Description of the task → Without the images, repeat every line of the listing verbatim.

Data block →
══════
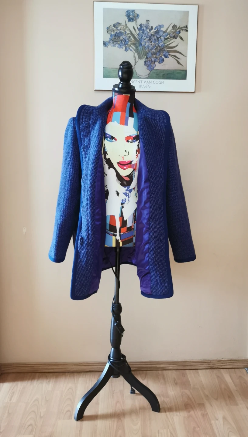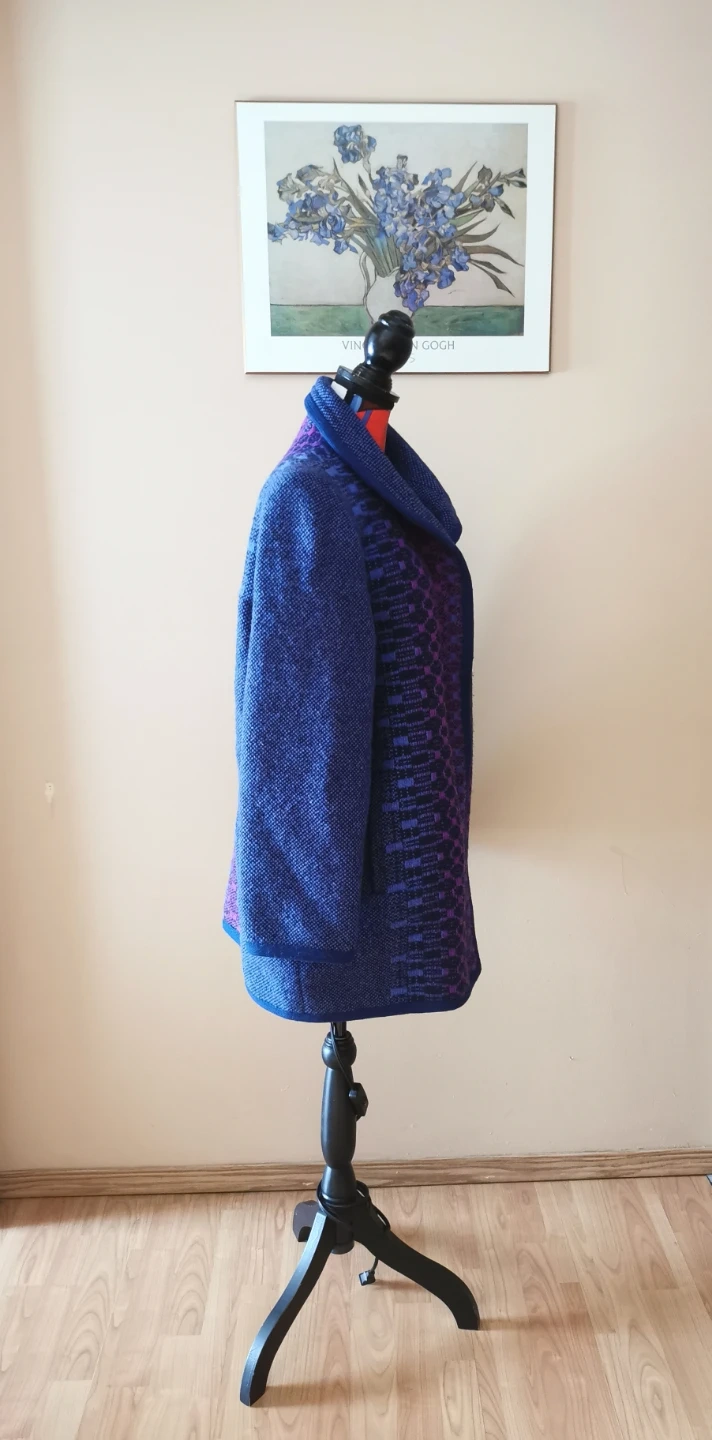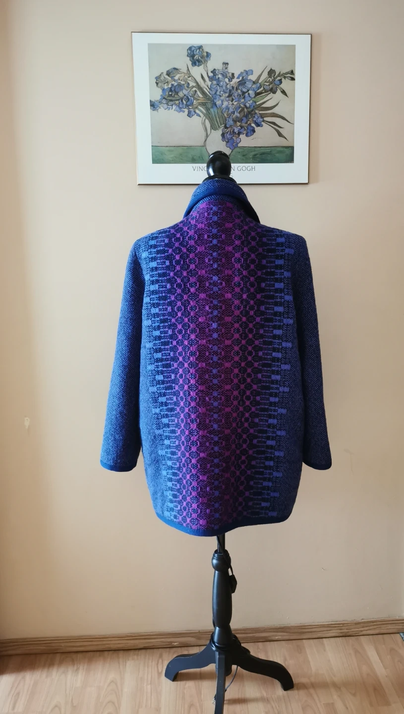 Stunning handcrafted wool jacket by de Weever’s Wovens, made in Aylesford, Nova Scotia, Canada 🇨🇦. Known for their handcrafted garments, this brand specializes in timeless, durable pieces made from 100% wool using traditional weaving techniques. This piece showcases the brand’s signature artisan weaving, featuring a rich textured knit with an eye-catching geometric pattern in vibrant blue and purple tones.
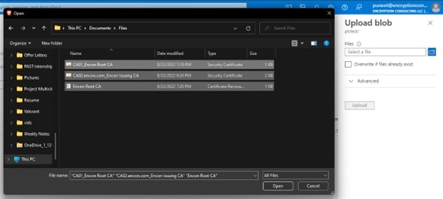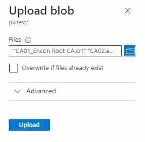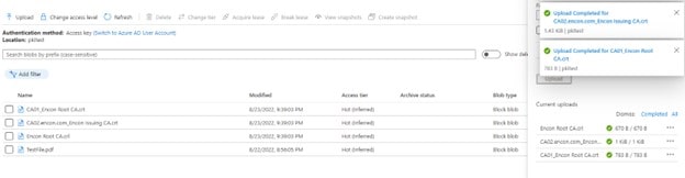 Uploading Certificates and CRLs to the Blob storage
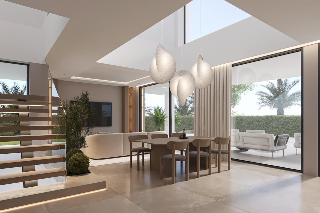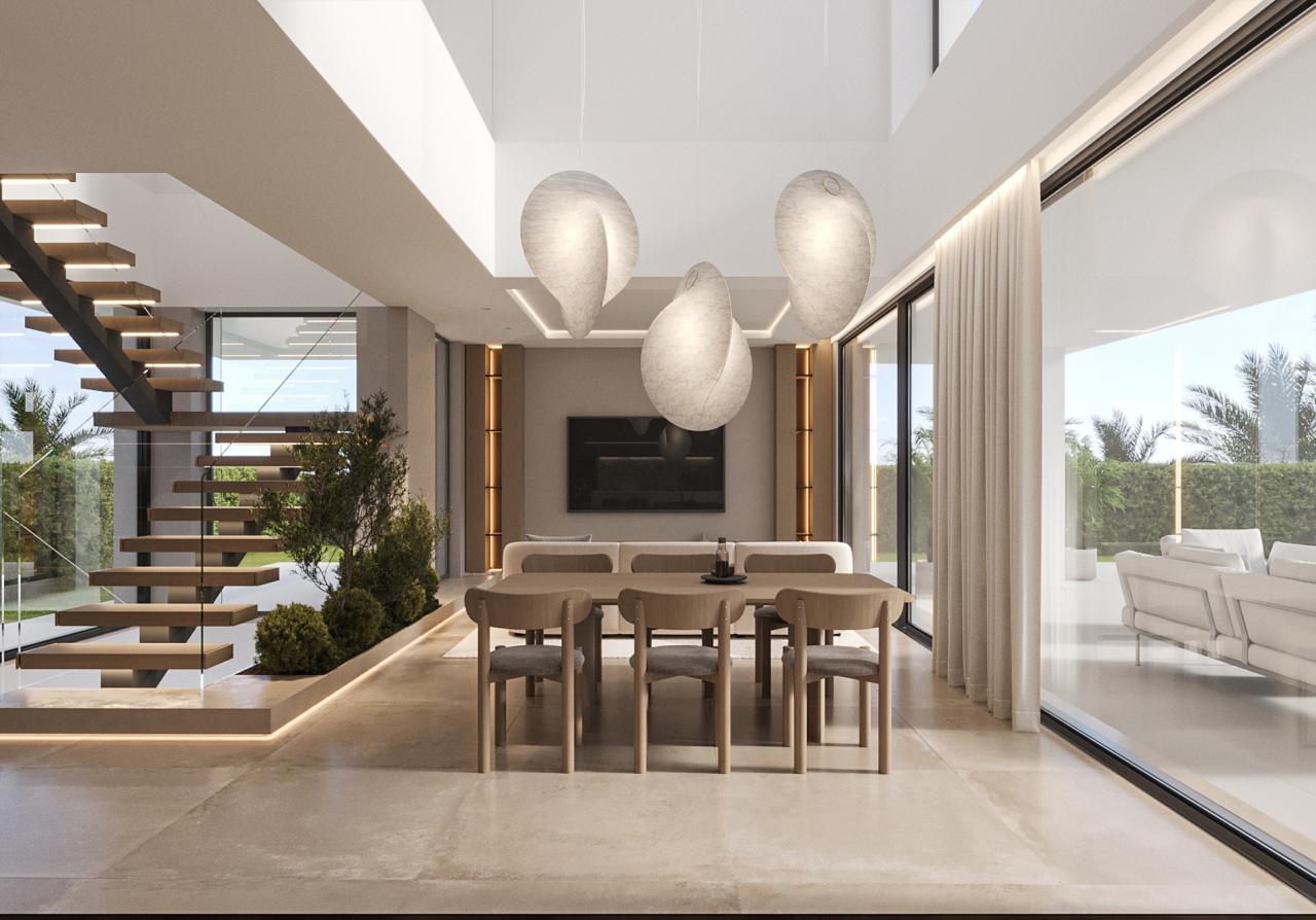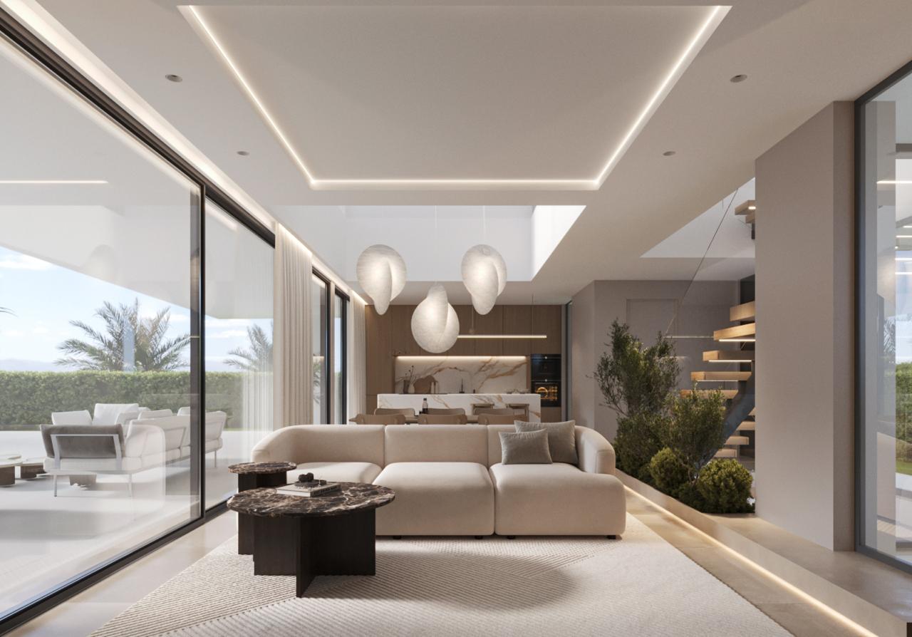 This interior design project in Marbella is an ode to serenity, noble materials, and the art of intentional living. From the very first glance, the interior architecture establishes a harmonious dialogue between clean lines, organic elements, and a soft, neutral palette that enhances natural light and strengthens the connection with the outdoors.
══════
Solution for this task →
 Stunning handcrafted wool jacket by de Weever’s Wovens, made in Aylesford, Nova Scotia, Canada 🇨🇦. Known for their handcrafted garments, this brand specializes in timeless, durable pieces made from 100% wool using traditional weaving techniques. This piece showcases the brand’s signature artisan weaving, featuring a rich textured knit with an eye-catching geometric pattern in vibrant blue and purple tones.
 Uploading Certificates and CRLs to the Blob storage
 This interior design project in Marbella is an ode to serenity, noble materials, and the art of intentional living. From the very first glance, the interior architecture establishes a harmonious dialogue between clean lines, organic elements, and a soft, neutral palette that enhances natural light and strengthens the connection with the outdoors.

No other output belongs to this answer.